■ **Required action**: From the line that contains "JS, History, 1838–1856, vol." down to the last line of the entries, repeat every line exactly. Do not carry over the pictures.

Items from a data source:
▬▬▬▬▬▬▬▬▬▬
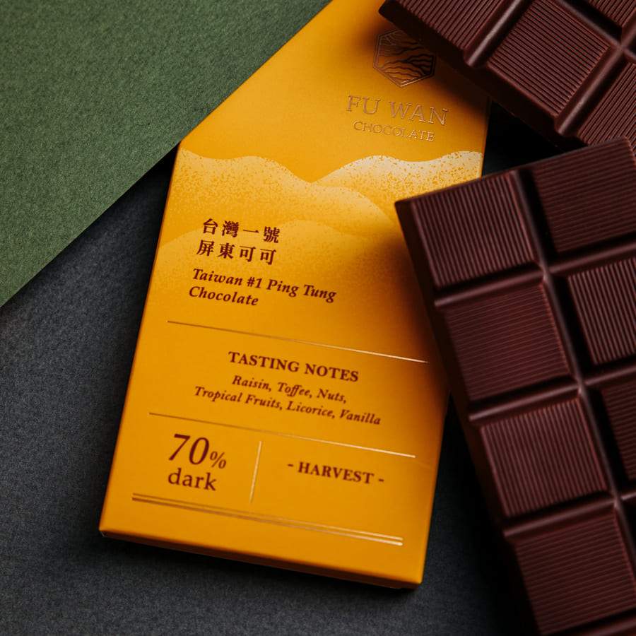 70%屏東風土黑巧克力,從可可鮮果開始發酵、烘焙、研磨等所有製程都在福灣園區內完成的TREE-TO-BAR巧克力。帶有堅果、焦糖、蘭姆酒、甘草等香氣,與些許熱帶水果酸度。
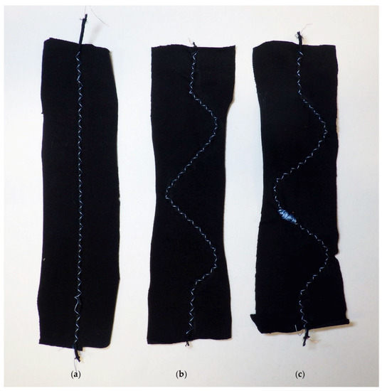 Figure 2a). The initial zig-zag design was slightly less controlled, but a zig-zag pattern with a more ordered structure was chosen for the final design as we believed that this would be easier to implement using an embroidery machine. We assumed that machine embroidery would form a strong attachment between E-yarns and fabric to withstand the stretch and movement of the fabric during performance. A sewing machine (Bernina 1000 Special, Steckborn, Switzerland) was used, with the E-yarn fed through a cording foot to create a wide zig-zag stitch to keep the yarn in place on the fabric surface.
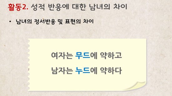 '남녀의 정서반응 및 표현의 차이: 여자는 무드에 약하고 남자는 누드에 약하다'는 성교육 자료. "이것은 결-코 자연스럽지 않습니다. 그래야만 합니다.".투명사회를위한정보공개센터
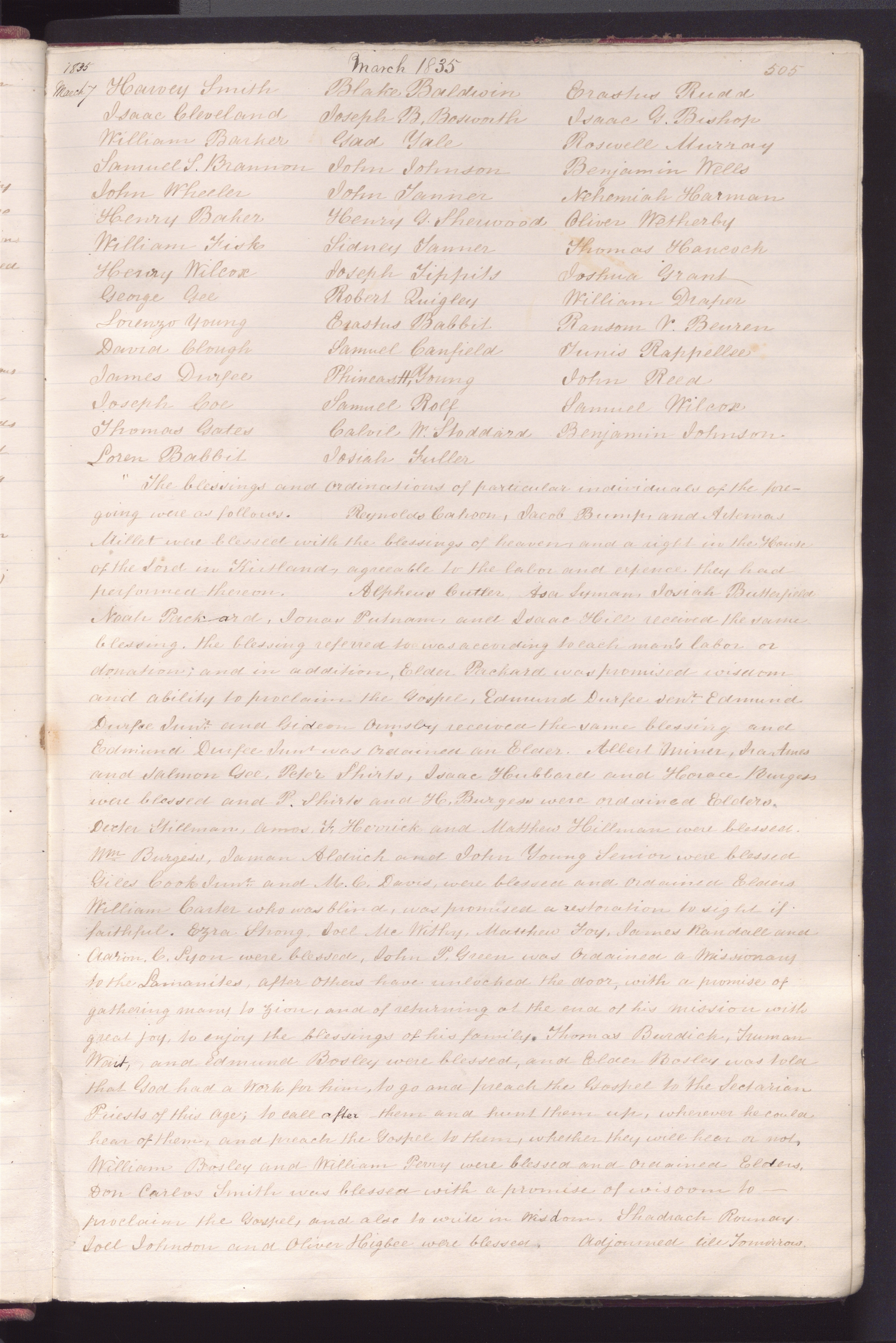 JS, History, 1838–1856, vol. B-2, created 16 May–22 Aug. 1845 and ca. 21 July 1854; handwriting of , , , Jonathan Grimshaw, and ; 296 pages, plus one page of addenda; CHL. This is a copy of the second volume of a six-volume manuscript history of the church (JS History, 1838–1856, vol. B-1), and covers the period from 1 Sept. 1834 to 2 Nov. 1838. The copy also comprises four other volumes, labeled A-2, C-2, D-2, and E-2, and continues through 19 July 1843. The copy was discontinued 6 Aug. 1856 “by the advice of President ” (JS History, 1838–1856, vol. E-2, p. 83).
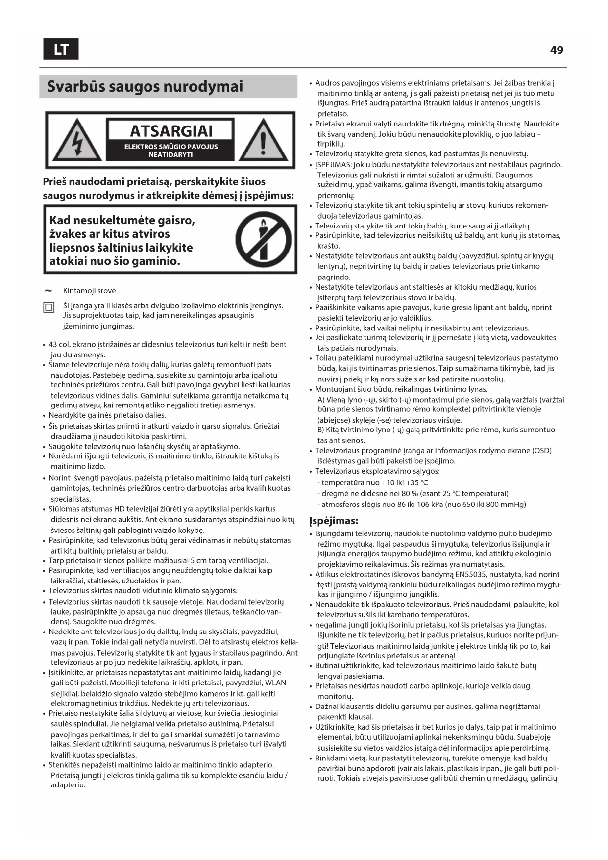- Televizoriaus eksploatavimo sąlygos: - temperatūra nuo +10 iki +35 °C - drėgmė ne didesnė nei 80 % (esant 25 °C temperatūrai) - atmosferos slėgis nuo 86 iki 106 kPa (nuo 650 iki 800 mmHg) Įspėjimas:
▬▬▬▬▬▬▬▬▬▬
■ **Written answer**:
 JS, History, 1838–1856, vol. B-2, created 16 May–22 Aug. 1845 and ca. 21 July 1854; handwriting of , , , Jonathan Grimshaw, and ; 296 pages, plus one page of addenda; CHL. This is a copy of the second volume of a six-volume manuscript history of the church (JS History, 1838–1856, vol. B-1), and covers the period from 1 Sept. 1834 to 2 Nov. 1838. The copy also comprises four other volumes, labeled A-2, C-2, D-2, and E-2, and continues through 19 July 1843. The copy was discontinued 6 Aug. 1856 “by the advice of President ” (JS History, 1838–1856, vol. E-2, p. 83).
- Televizoriaus eksploatavimo sąlygos: - temperatūra nuo +10 iki +35 °C - drėgmė ne didesnė nei 80 % (esant 25 °C temperatūrai) - atmosferos slėgis nuo 86 iki 106 kPa (nuo 650 iki 800 mmHg) Įspėjimas:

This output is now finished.